Mar 17, 2025 - 18:33

TL;DR

A long-running job should be implemented as one long-running activity that
uses heartbeat for resumption.

What I needed to do

There was a data-sync backfilling to be done where we backfill data from one
service's database into another one. It was about 5.5M DB entities that needed
to be copied, so we expected the total running time to be some number of hours.

We wanted to write a job with some kind of progress record, i.e. a "cursor".
Such that, should the job fail at any point, it could, on retry, continue where
it left off.

First instinct: Parameterized activity

After reading the Temporal docs, my first instinct was to implement one workflow
with one parameterized activity which the workflow would call in a loop.

This idea was dismissed after talking to my colleagues. Because each activity
invocation results in events being added to the Temporal Events. Temporal works
under the assumption that there will be few events per workflow, not tens of
thousands. We didn't want to risk exhausting Temporal's disk space.

The good solution: One long-running Activity with Heartbeats

I'll just show you some code here.

At the beginning of the Activity we use GetHeartbeatDetails to get the cursor
that was recorded by a previous, unsuccessful activity execution. After each
batch we record the cursor via RecordHeartbeat.

You'll want to do some info logging throughout the activity execution. Errors
don't need to be logged, just return them to the runtime, it will surface them.

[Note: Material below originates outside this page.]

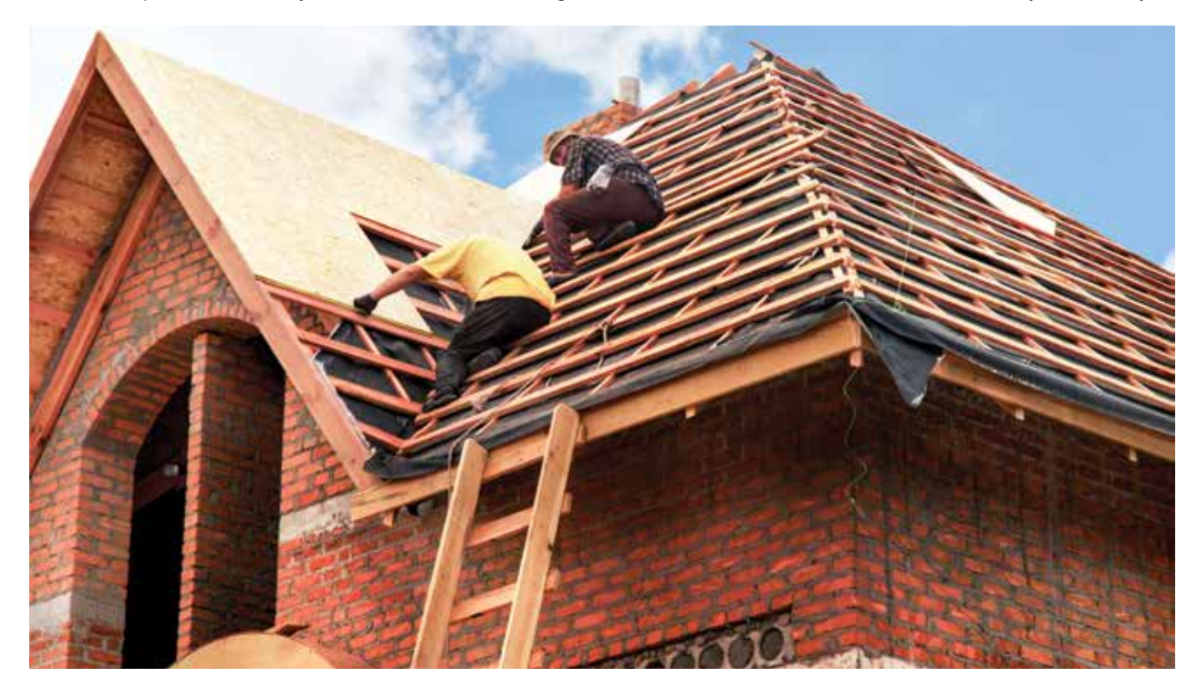
▲ Fixing a roof requires expertise and should be maintenance-free.

Tata BlueScope Steel is working towards creating sustainable and innovative building materials and products that will help reduce adverse impact on the environment. The thermal conductivity of the products is 0.167 W/mk against colour coated metal sheets 46w/mk hence the thermal insulation performance is expected to be superior than colour coated sheets. "Since the sheet weight is relatively low, the freight cost per sheet is also low. Lower sheet weight also helps in bringing down the overall structure cost compared to other alternatives. Thus it proves to be very beneficial on all accounts. The innovated products is light weight and high strength and meets performance requirement of national and international standards like IS 14871, EN 494 and ISO 9933," says Choudhary.

As you can see, the batch size is configurable. We ran it with a size of 100 and
that worked well.

package workflows

import (
    "context"
    "fmt"

    "go.temporal.io/sdk/activity"
)

type BackfillingActivities struct {
    BatchSize int
}

type Heartbeat struct {
    Cursor string
}

func (a *BackfillingActivities) CommentsBackfillingActivity(ctx context.Context) error {
    cursor := ""
    if activity.HasHeartbeatDetails(ctx) {
        var heartbeat Heartbeat
        if err := activity.GetHeartbeatDetails(ctx, &heartbeat); err != nil {
            return fmt.Errorf("error getting heartbeat: %w", err)
        }
        cursor = heartbeat.Cursor
    }

    var err error
    for {
        cursor, err = a.processBatch(ctx, cursor, a.BatchSize)
        if err != nil {
            return err
        }
        if cursor == "" {
            break
        } else {
            activity.RecordHeartbeat(ctx, Heartbeat{cursor})
        }
    }
    return nil
}

// processBatch processes one batch starting from cursor and returns the next cursor or an error.
func (a BackfillingActivities) processBatch(ctx context.Context, cursor string, batchSize int) (string, error) {
    logger := activity.GetLogger(ctx)
    logger.Info(fmt.Sprintf("Starting processing batch with cursor \"%s\"", cursor)

    //-> batch := SELECT FROM WHERE primary_key > {cursor} ORDER BY primary_key ASC LIMIT {batchSize}

    logger.Info(fmt.Sprintf("Found %d items", len(batch))

    //-> Transform into target data structure

    //-> Load into target DB

    if len(batch) < batchSize {
        return "", nil
    }
    lastItem := batch[len(batch)-1]
    return lastItem.Id, nil
}